■ DATA FOR PROCESSING ■

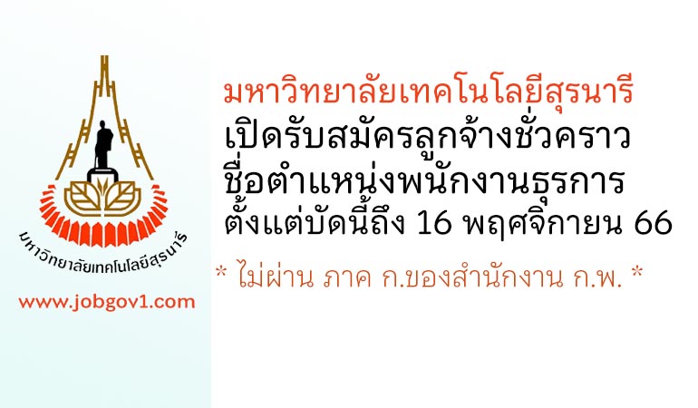 มหาวิทยาลัยเทคโนโลยีสุรนารี รับสมัครลูกจ้างชั่วคราว ตำแหน่งพนักงานธุรการ ตั้งแต่บัดนี้ถึง 16 พฤศจิกายน 2566
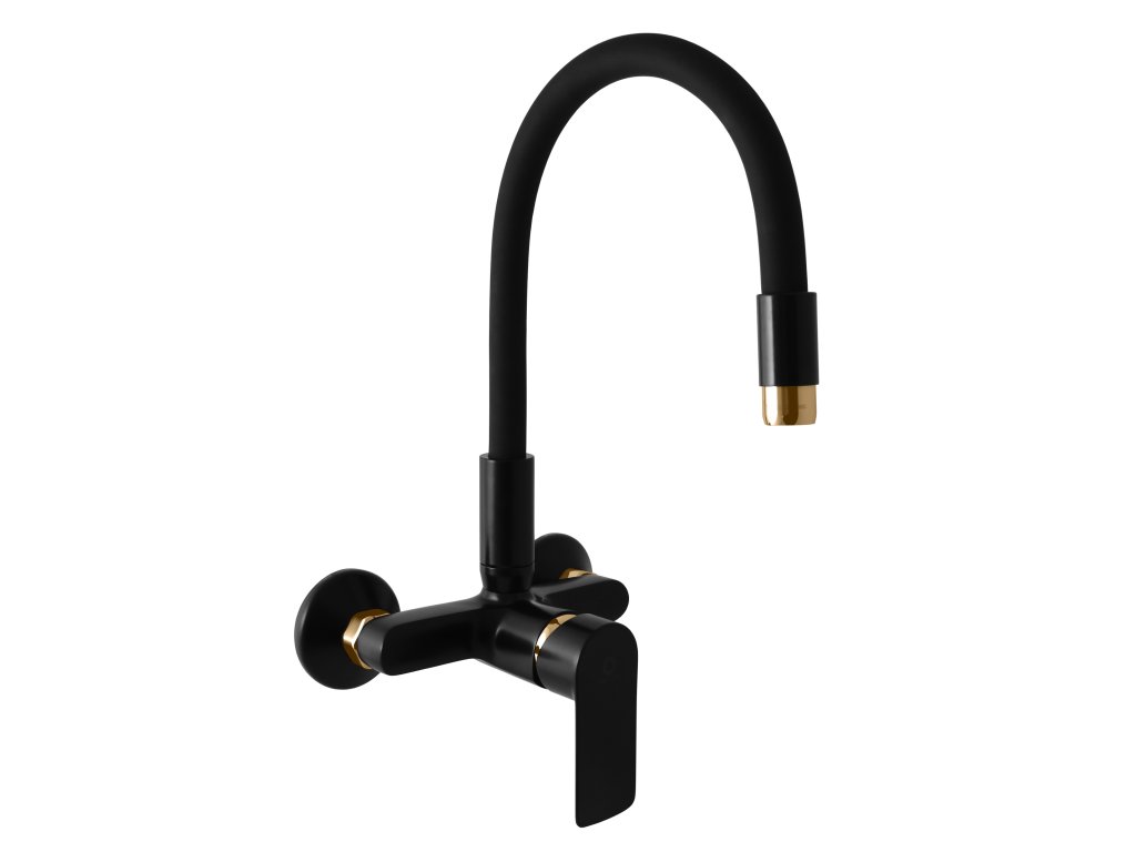Vodovodná batéria drezová s flexibilným ramienkom COLORADO čierna matná/zlato
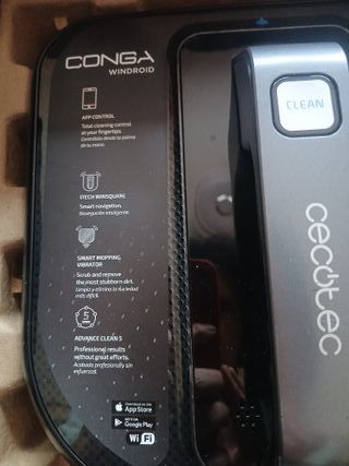 Robot limpiacristales Cecotec Conga Windroid. - Control total de limpieza desde tu móvil con la App. - Navegación inteligente iTech WinSquare. - Tecnología Smart Mopping Vibrator para suciedad difícil. - Resultados profesionales con Advance Clean 5.
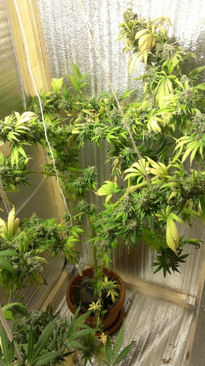 Уф. Закончил свой первый гров, доволен неописуемо! Чего только не натерпелась моя растиха... Два переезда по квартирам( один переезд вообще зимой), два раза ЖЕСТКО гнул стебель, думал не выживет, но нет! Сначала растил на ЭСЛ, потом взял ДНАТ 250, горшок 7л земля.
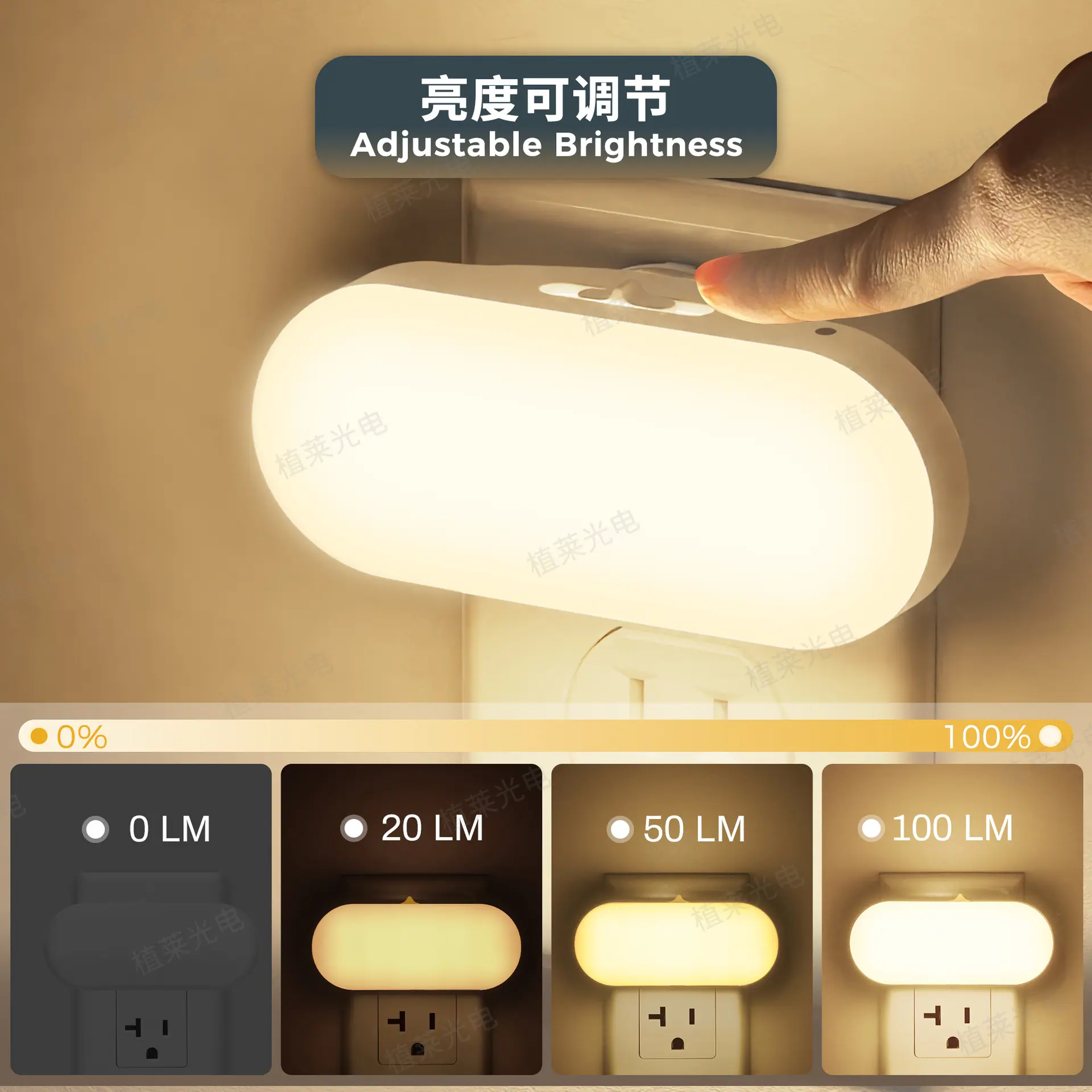 Control de Luz Luz Nocturna LED Nl007 Casual Regulable Luz Suave Protección Ocular Noche Mesita de Noche Luz con Sensor
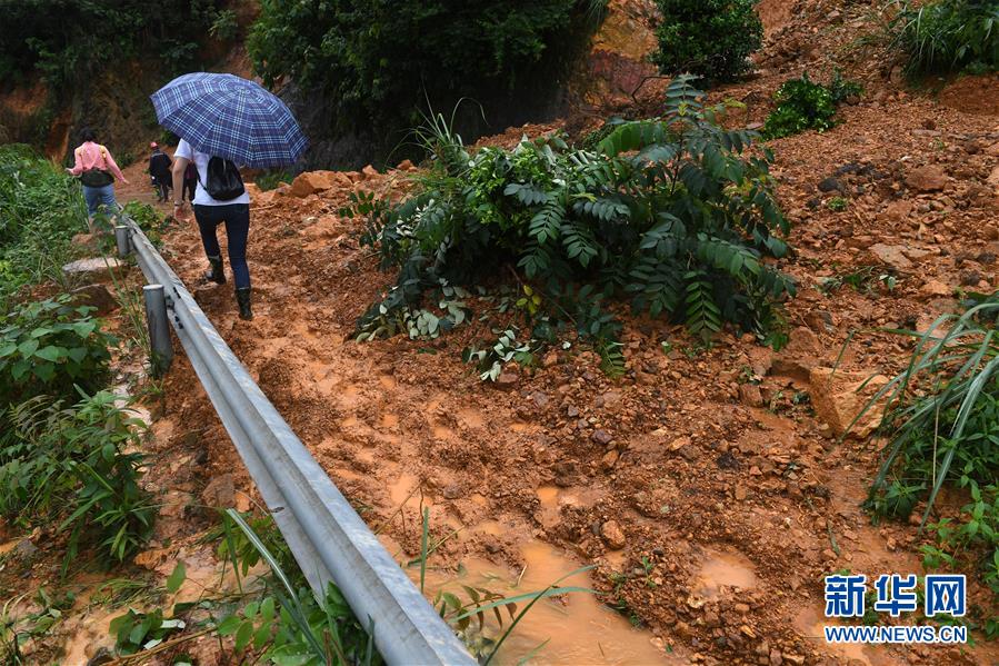 在广西永福县堡里镇板峡村,人们经过山体滑坡路段(6月9日摄)。 据悉,6月1日以来,我国南方地区发生入汛以来最强降雨过程,广西壮族自治区桂林、河池、柳州等9市60个县(市、区)遭受严重洪涝灾害。据初步统计,灾害已造成广西145.9万人受灾,6人死亡,3人失踪,22.1万人紧急转移安置。 11日,应急管理部会同国家粮食和物资储备局,向广西紧急组织调拨3000顶帐篷、3000张折叠床,支持地方救灾工作,保障受灾群众基本生活。 新华社记者 陆波岸 摄
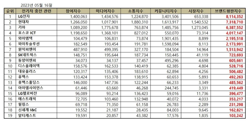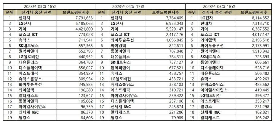 전기차 충전 관련 상장기업 브랜드평판 2023년 5월 빅데이터 분석 순위는 LG전자, 현대차, 기아, 포스코 ICT, 와이엠텍, 와이투솔루션, 원익피앤이, SK네트웍스, 동양이엔피, 디스플레이텍, 대유플러스, 휴맥스, 휴맥스홀딩스, 아이엘사이언스, LG헬로비전, 에스트래픽, 윌링스, 신세계 I&C, 알티캐스트 순이었다.
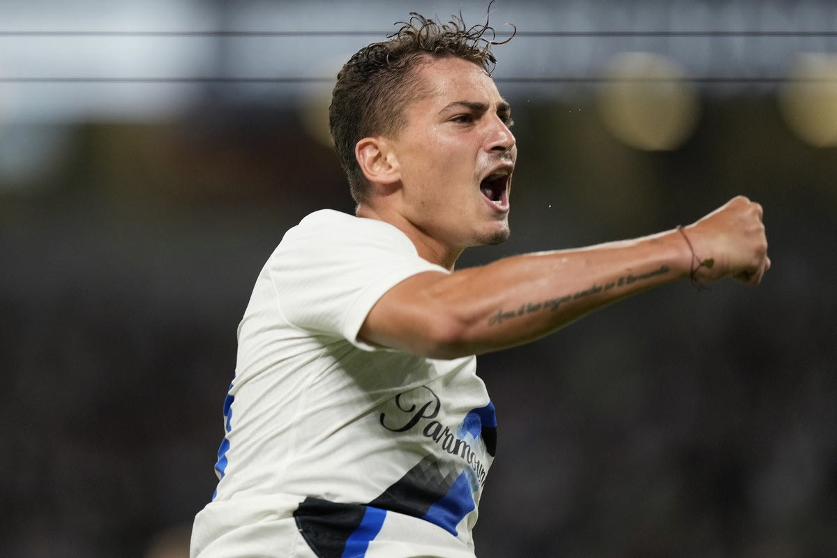 Inter Milan's Sebastiano Esposito reacts after scoring a point against PSG during the second half of a friendly soccer match in Tokyo, Tuesday, Aug. 1, 2023. (AP Photo/Hiro Komae)
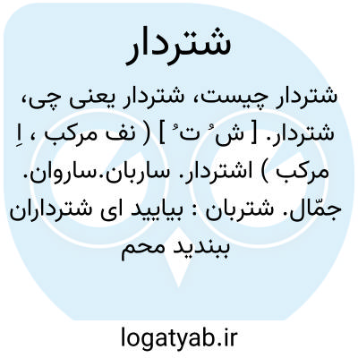 شتردار. [ ش ُ ت ُ ] ( نف مرکب، اِ مرکب ) اشتردار. ساربان.ساروان. جمّال. شتربان: بیایید ای شترداران ببندید محمل زینب. ( یادداشت مؤلف ). || کاروانی که با شتر حمل متاع و کالا میکند. ( ناظم الاطباء ). || مالک و نگهبان شتر. رجوع به اشتردار شود.
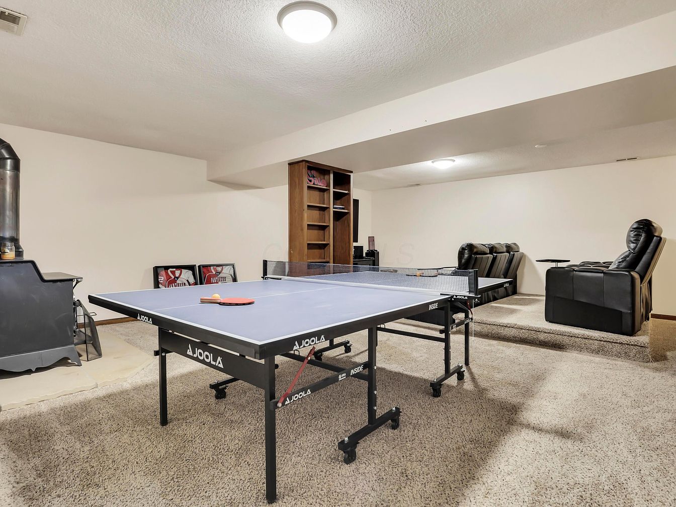 A spacious basement features a cozy recreation zone with a dark blue ping pong table as the central focus, complete with paddles and net ready for play. To the left stands a freestanding wood-burning stove adding warmth and character, set on a light stone platform. In the background, plush black leather recliners form a small home theater section with a raised carpeted platform, perfect for movie nights. The walls are painted a soft cream, contrasted by natural wooden trim and built-in shelving along one side, providing both storage and a hint of rustic charm. Soft beige carpeting covers the floor, enhancing comfort.
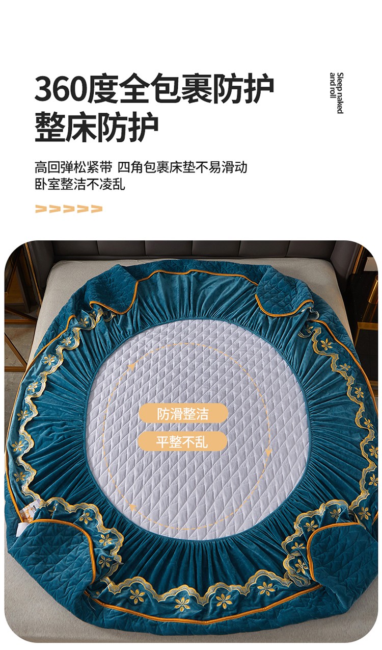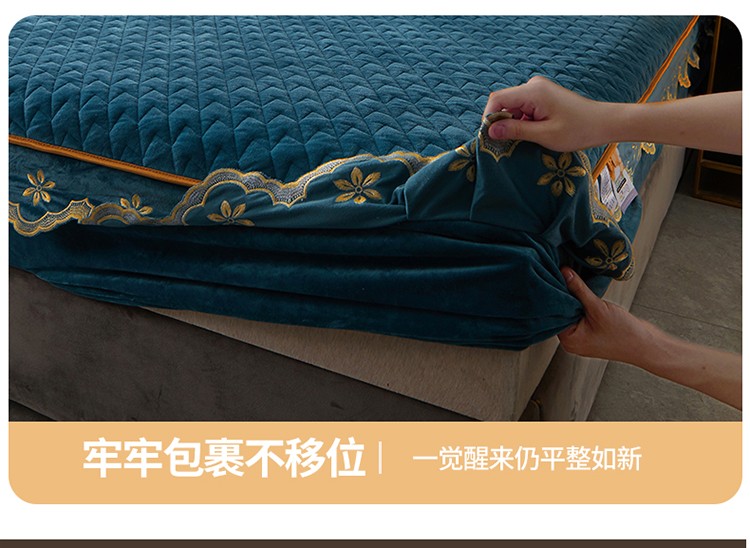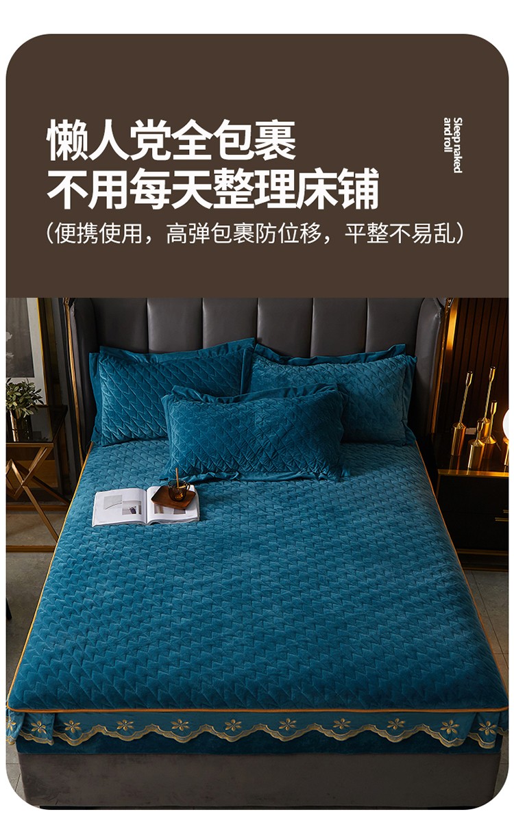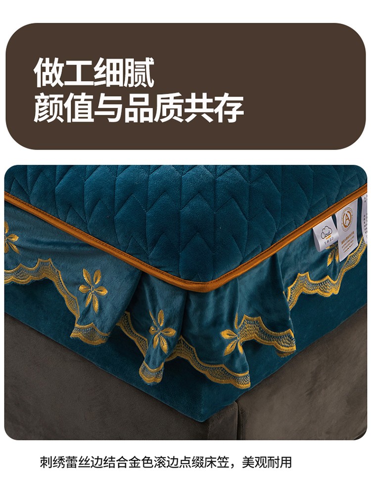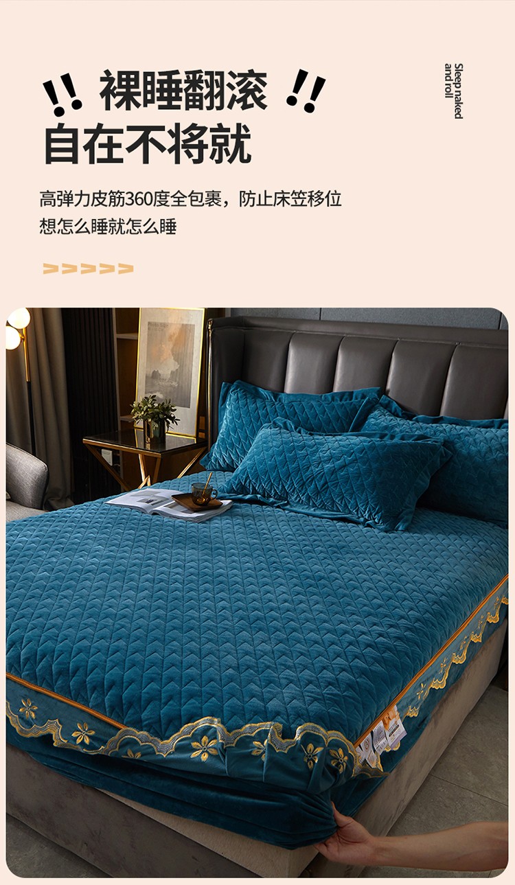 • 91家纺网 家纺一手货源 找家纺 恒爱 2022秋冬新款A类宝宝绒轻奢刺绣床笠 轻奢床笠宾利蓝

■ DESCRIPTION OF THE TASK ■
Your task is to repeat the opening line of the entries above and each line after it, ending with the line that has "شتردار. [ ش". Do not include the pictures.

■ ANSWER TO THIS PROBLEM ■
 มหาวิทยาลัยเทคโนโลยีสุรนารี รับสมัครลูกจ้างชั่วคราว ตำแหน่งพนักงานธุรการ ตั้งแต่บัดนี้ถึง 16 พฤศจิกายน 2566
Vodovodná batéria drezová s flexibilným ramienkom COLORADO čierna matná/zlato
 Robot limpiacristales Cecotec Conga Windroid. - Control total de limpieza desde tu móvil con la App. - Navegación inteligente iTech WinSquare. - Tecnología Smart Mopping Vibrator para suciedad difícil. - Resultados profesionales con Advance Clean 5.
 Уф. Закончил свой первый гров, доволен неописуемо! Чего только не натерпелась моя растиха... Два переезда по квартирам( один переезд вообще зимой), два раза ЖЕСТКО гнул стебель, думал не выживет, но нет! Сначала растил на ЭСЛ, потом взял ДНАТ 250, горшок 7л земля.
 Control de Luz Luz Nocturna LED Nl007 Casual Regulable Luz Suave Protección Ocular Noche Mesita de Noche Luz con Sensor
 在广西永福县堡里镇板峡村,人们经过山体滑坡路段(6月9日摄)。 据悉,6月1日以来,我国南方地区发生入汛以来最强降雨过程,广西壮族自治区桂林、河池、柳州等9市60个县(市、区)遭受严重洪涝灾害。据初步统计,灾害已造成广西145.9万人受灾,6人死亡,3人失踪,22.1万人紧急转移安置。 11日,应急管理部会同国家粮食和物资储备局,向广西紧急组织调拨3000顶帐篷、3000张折叠床,支持地方救灾工作,保障受灾群众基本生活。 新华社记者 陆波岸 摄
 전기차 충전 관련 상장기업 브랜드평판 2023년 5월 빅데이터 분석 순위는 LG전자, 현대차, 기아, 포스코 ICT, 와이엠텍, 와이투솔루션, 원익피앤이, SK네트웍스, 동양이엔피, 디스플레이텍, 대유플러스, 휴맥스, 휴맥스홀딩스, 아이엘사이언스, LG헬로비전, 에스트래픽, 윌링스, 신세계 I&C, 알티캐스트 순이었다.
 Inter Milan's Sebastiano Esposito reacts after scoring a point against PSG during the second half of a friendly soccer match in Tokyo, Tuesday, Aug. 1, 2023. (AP Photo/Hiro Komae)
 شتردار. [ ش ُ ت ُ ] ( نف مرکب، اِ مرکب ) اشتردار. ساربان.ساروان. جمّال. شتربان: بیایید ای شترداران ببندید محمل زینب. ( یادداشت مؤلف ). || کاروانی که با شتر حمل متاع و کالا میکند. ( ناظم الاطباء ). || مالک و نگهبان شتر. رجوع به اشتردار شود.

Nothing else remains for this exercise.